Carding and combing / woollen and worsted

The difference between carded and combed yarns lies in their preparation. Carding is a method that leaves some of the woolen fibres bent prior to spinning while the majority of them lie parallel to each other. Generally speaking, carding is a process that pulls fibres through teeth, either on a hand carding pair of paddles or, in industrial production, drums. Repeated carding produces a rolag that is then twisted to produce a woollen-spun yarn.

Combed yarns by contrast are, as the name suggests, combed and this has two effects: removal of the shorter fibres and no bend in those that are left. Combing produces a less airy yarn when spun, but, because the fibres all lie parallel, it is generally stronger. This yarn is a worsted-spun type.

Worsted is the kind of yarn most often used in weaving because of its strength, except in the case of Scottish tweed, which, to be authentic, must be created by the woollen-spun process, known as "The Scotch system".

John Tulloch’s report states that the intermixing of the two qualities of wool, those fit for carding and those useful for combing, give the varieties of colour in the finished yarn as well as different tactile qualities. It is apparent from this account that the sheep from Shetland were noted for these characteristics and it is still the case that the native sheep are known by the names for their markings and colouration: katmoget, shaela, etc.

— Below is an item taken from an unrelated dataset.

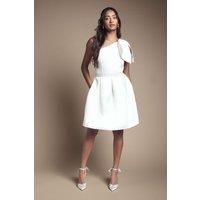 Striking one-shoulder design with statement bow detail Flattering mini length for a modern bridal look Structured silhouette with pleated skirt for added volume Clean, minimalist aesthetic perfect for contemporary brides Versatile style suitable for ceremony or reception Make a bold statement on your special day with this captivating one-shoulder bridal mini dress. The eye-catching bow detail adds a touch of drama and sophistication, while the structured silhouette and pleated skirt ...

While John Tulloch’s appendix to an important report may have come about for a variety of reasons, amongst them the influence of absentee landowners who wanted to increase the numbers of sheep on their holdings, it is important to the story of Shetland Tweed to note that it exists. Shetland at the end of the 18th Century was known for its wool production, and for the lustrous softness of the resulting yarns (Italics mine); qualities have been valued for centuries in the native sheep breed.